# PROBLEM STATEMENT
Every picture stays out; everything else in the listing below is to be returned exactly.
━━ DATASET EXCERPT ━━
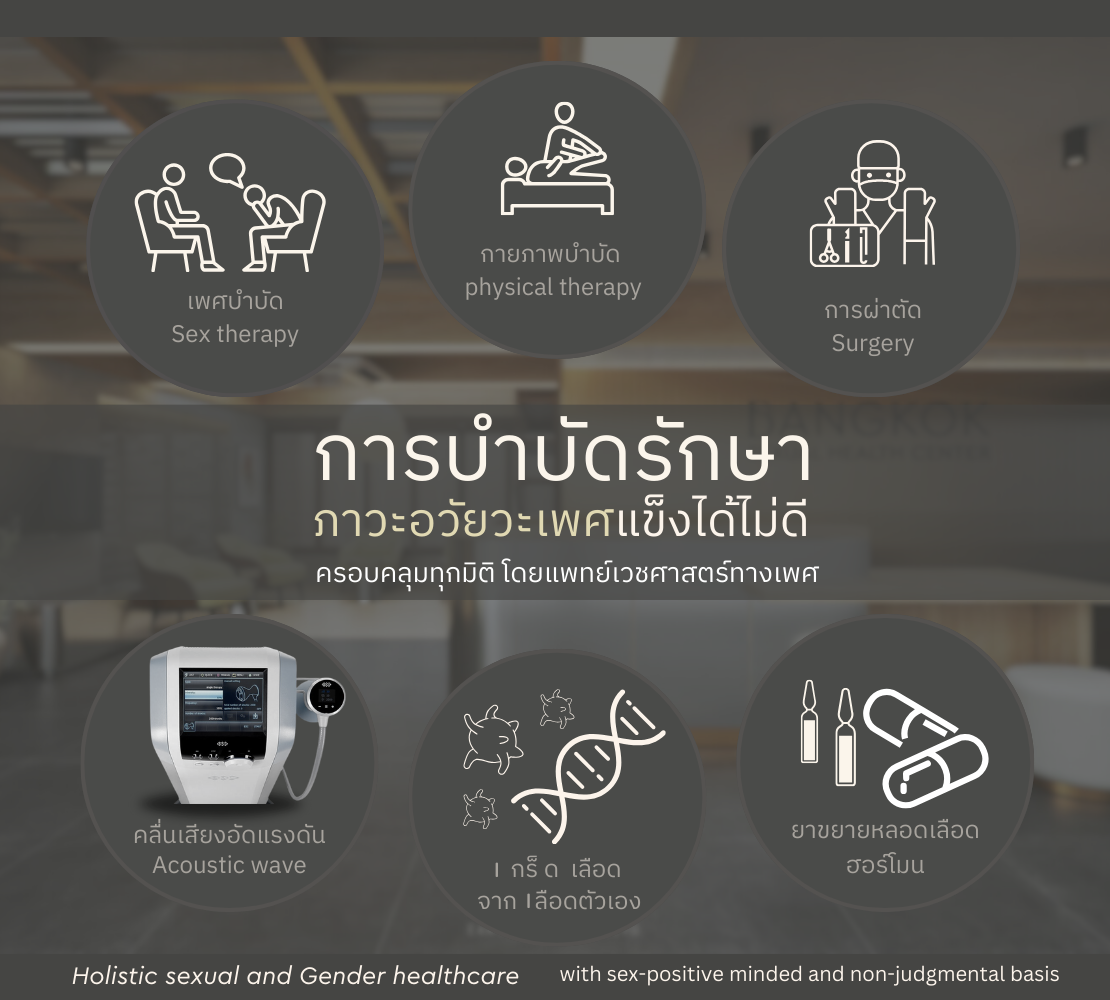ซักประวัติ ตรวจประเมินร่างกายและทำแบบประเมินเพื่อค้นหาสาเหตุทั้ง 4 มิติ ได้แก่ โรคทางกาย โรคทางใจ สังคมความเชื่อและความสัมพันธ์ และการรักษาที่ถูกต้องแบบองค์รวม โดยแพทย์เฉพาะทางเวชศาสตร์ทางเพศ
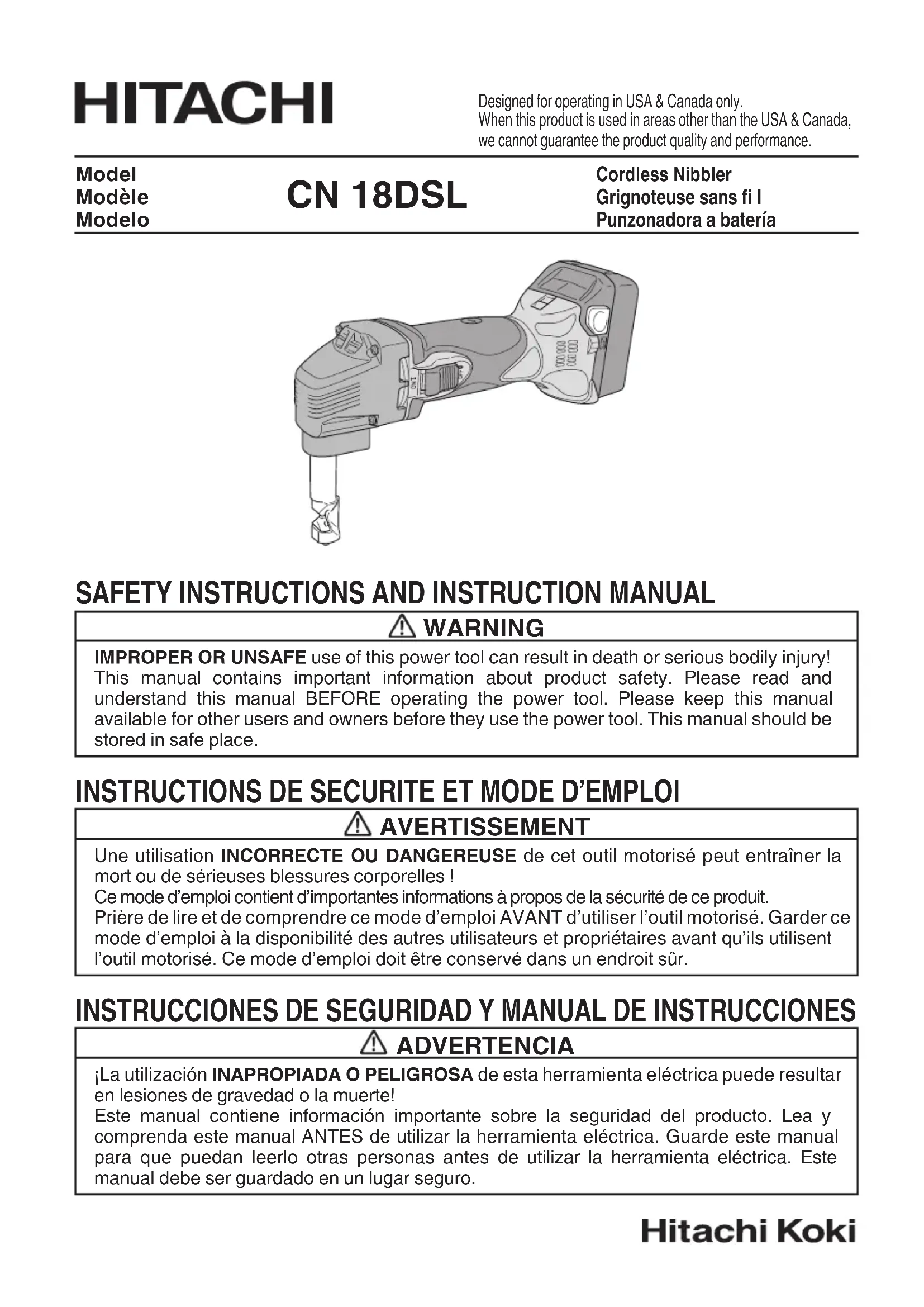MODE D'EMPLOI CN 18DSL HITACHI
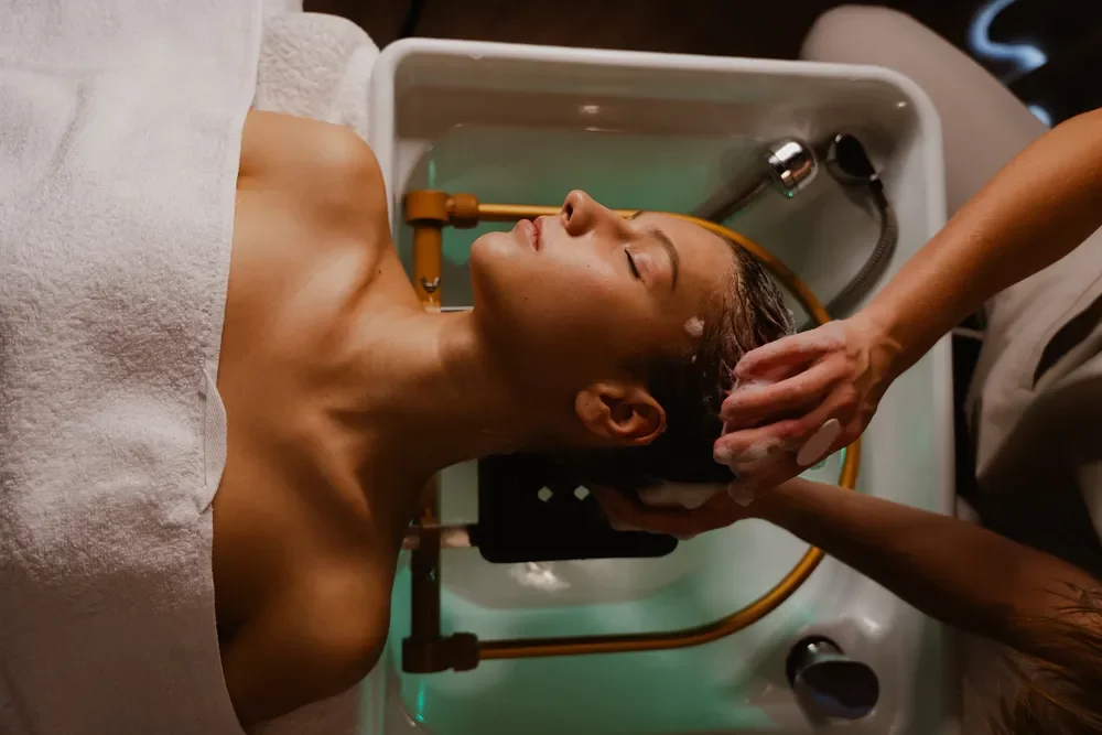 A Head Spa focuses on scalp health + relaxation through:
━━━
# EXPECTED ANSWER
ซักประวัติ ตรวจประเมินร่างกายและทำแบบประเมินเพื่อค้นหาสาเหตุทั้ง 4 มิติ ได้แก่ โรคทางกาย โรคทางใจ สังคมความเชื่อและความสัมพันธ์ และการรักษาที่ถูกต้องแบบองค์รวม โดยแพทย์เฉพาะทางเวชศาสตร์ทางเพศ
MODE D'EMPLOI CN 18DSL HITACHI
 A Head Spa focuses on scalp health + relaxation through:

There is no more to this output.